Numerical analysis, floating-point arithmetic

[Chasing_Time]

Hi all, this (probably easy) problem from numerical analysis is giving me trouble. I can't seem to get started and need some poking in the right direction.

Homework Statement

Consider the following claim: if two floating point numbers x and y with the same sign differ by a factor of at most the base B (1/B <= x/y <= B), then their difference x-y is exactly representable in the floating point system. Show that this claim is true for B = 2 but give a counter example for B > 2.

Homework Equations

The general form of a floating point number:

x = d_0.d_1 ... d_{t-1} * 10^e

The Attempt at a Solution

I have tried exploring the binary case, noting that d_0 must be = 1 in base B=2:

x = (1 + \frac {d_1}{2} + ... + \frac {d_{t-1}} {2^{t-1}}) * 2^e
y = (1 + \frac {d_1}{2} + ... + \frac {d_{t-1}} {2^{t-1}}) * 2^{e-1} = (\frac {1}{2} + \frac {d_1} {4} + ... + \frac {d_{t-1}} {2^t}) * 2^e
x - y = (1 + \frac {d_1 - 1} {2} + ... + \frac {d_{t-1} - d_{t-2}} {2^{t-1}} - \frac {d_{t-1}} {2^t})*2^e

Is this "exactly representable" in the floating-point system? I don't know what else to do or what to use as a counter example. Am I even on the right track? Thanks for any help.

 

[Mark44]

Hi all, this (probably easy) problem from numerical analysis is giving me trouble. I can't seem to get started and need some poking in the right direction.

Homework Statement

Consider the following claim: if two floating point numbers x and y with the same sign differ by a factor of at most the base B (1/B <= x/y <= B), then their difference x-y is exactly representable in the floating point system. Show that this claim is true for B = 2 but give a counter example for B > 2.

Homework Equations

The general form of a floating point number:

x = d_0.d_1 ... d_{t-1} * 10^e

The Attempt at a Solution

I have tried exploring the binary case, noting that d_0 must be = 1 in base B=2:

x = (1 + \frac {d_1}{2} + ... + \frac {d_{t-1}} {2^{t-1}}) * 2^e
y = (1 + \frac {d_1}{2} + ... + \frac {d_{t-1}} {2^{t-1}}) * 2^{e-1} = (\frac {1}{2} + \frac {d_1} {4} + ... + \frac {d_{t-1}} {2^t}) * 2^e
x - y = (1 + \frac {d_1 - 1} {2} + ... + \frac {d_{t-1} - d_{t-2}} {2^{t-1}} - \frac {d_{t-1}} {2^t})*2^e

Your arithmetic is off here. Since you have set this up with x being two times y, the difference x - y better be equal to y.

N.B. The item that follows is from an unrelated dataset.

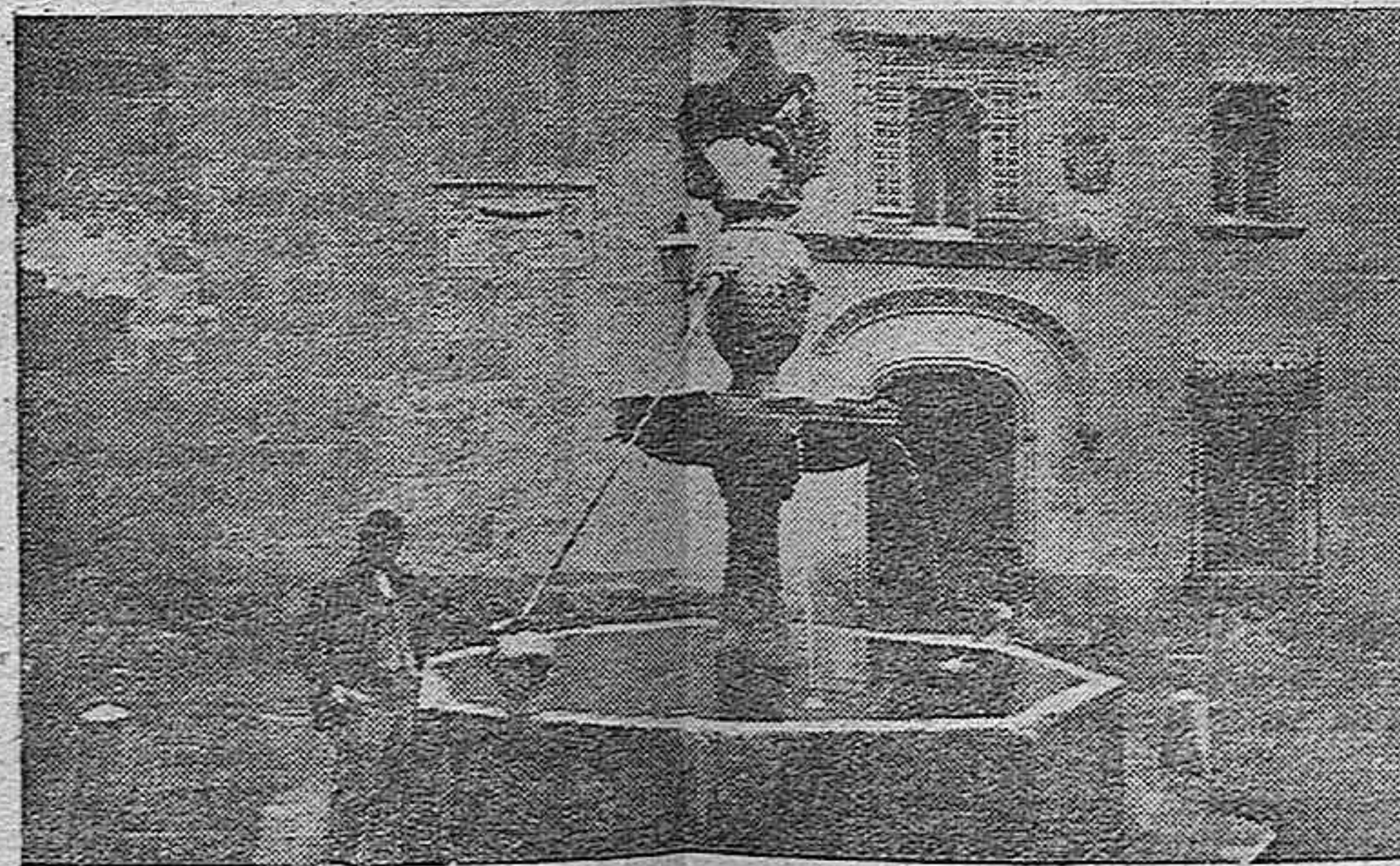
"¿Dónde está Córdoba, amigo—mi Córdoba entre naranjas?"

Atención a Radio Córdoba. Próximamente empezarán las emisiones del S. E. U.

Is this "exactly representable" in the floating-point system? I don't know what else to do or what to use as a counter example. Am I even on the right track? Thanks for any help.

Certainly x - y is exactly representable in a base-2 floating-point system, as long as x and y are.

I don't have any examples in mind that would serve as counterexamples, but if you work with some specific numbers in base 3 or higher bases, you might be able to come up with one. By "specific numbers" I mean that you should work with numbers like 2.0121 X 3² (base-3), rather than symbolically representing the digits with d₁, d₂, etc. That's where I would start.